Looking to use a model available through HuggingFace Transformers? Before implementing your own model class, try using HuggingEngine! If your model has a Chat Template available, Kani will automatically use the correct prompt format.

from kani.engines.huggingface import HuggingEngine
engine = HuggingEngine(model_id="your-org/your-model-id")

To create your own engine, all you have to do is subclass BaseEngine:

class kani.engines.base.BaseEngine[source]

Base class for all LM engines.

To add support for a new LM, make a subclass of this and implement the abstract methods below.

max_context_size: int

The maximum context size supported by this engine’s LM.

abstract prompt_len(
messages: list[ChatMessage],
functions: list[AIFunction] | None = None,
**kwargs,
) int[source]
abstract prompt_len(
messages: list[ChatMessage],
functions: list[AIFunction] | None = None,
**kwargs,
) int

Returns the number of tokens used by the given prompt (i.e., list of messages and functions), or a best estimate if the exact count is unavailable.

This method MAY be asynchronous. Use Kani.prompt_token_len() for a higher-level interface that handles asynchrony.

Parameters:
  • messages – The messages in the prompt.

  • functions – The functions included in the prompt.

  • kwargs – Any additional parameters to pass to the underlying token counting implementation (engine-specific).

abstract async predict(
messages: list[ChatMessage],
functions: list[AIFunction] | None = None,
**hyperparams,
) BaseCompletion[source]

Given the current context of messages and available functions, get the next predicted chat message from the LM.

Parameters:
  • messages – The messages in the current chat context. prompt_len(messages, functions) is guaranteed to be less than max_context_size.

  • functions – The functions the LM is allowed to call.

  • hyperparams – Any additional parameters to pass to the engine.

async stream(
messages: list[ChatMessage],
functions: list[AIFunction] | None = None,
**hyperparams,
) AsyncIterable[str | BaseCompletion][source]

Optional: Stream a completion from the engine, token-by-token.

This method’s signature is the same as BaseEngine.predict().

This method should yield strings as an asynchronous iterable.

Optionally, this method may also yield a BaseCompletion. If it does, it MUST be the last item yielded by this method.

If an engine does not implement streaming, this method will yield the entire text of the completion in a single chunk by default.

Parameters:
  • messages – The messages in the current chat context. prompt_len(messages, functions) is guaranteed to be less than max_context_size.

  • functions – The functions the LM is allowed to call.

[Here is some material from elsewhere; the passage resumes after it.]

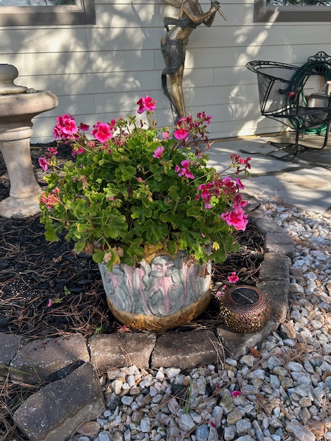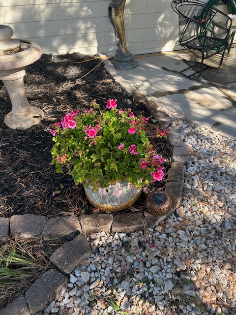 Now their perfectly good and pretty large existing ceramic pots were repurposed to accommodate upgrading some of the other plants that I know are perennials because I bought them off the Home Depot Perennial table one day when I was sans wife – who refuses to buy perennials.

  • hyperparams – Any additional parameters to pass to the engine.

async close()[source]

Optional: Clean up any resources the engine might need.

disable_function_calling_kwargs = {'include_functions': False}

Kwargs to set in the Kani._full_round loop when the model should disable function calling. Mostly this is useful for API models, where we want to still define functions in the prompt but disallow calling them.

message_len(message: ChatMessage) int[source]

Returns the estimated number of tokens used by a single given message.

Note

The token count returned by this may not exactly reflect the actual token count (e.g., due to prompt formatting or not having access to the tokenizer). It should, however, be a safe overestimate to use as an upper bound.

Deprecated since version 1.7.0: Use BaseEngine.prompt_len() instead.

token_reserve: int = 0

Optional: The number of tokens to reserve for internal engine mechanisms (e.g. if an engine has to set up the model’s reply with a delimiting token). Default: 0

Deprecated since version 1.7.0: Use BaseEngine.prompt_len() instead.

function_token_reserve(functions: list[AIFunction]) int[source]

Optional: How many tokens are required to build a prompt to expose the given functions to the model.

Default: If this is not implemented and the user passes in functions, log a warning that the engine does not support function calling.

Deprecated since version 1.7.0: Use BaseEngine.prompt_len() instead.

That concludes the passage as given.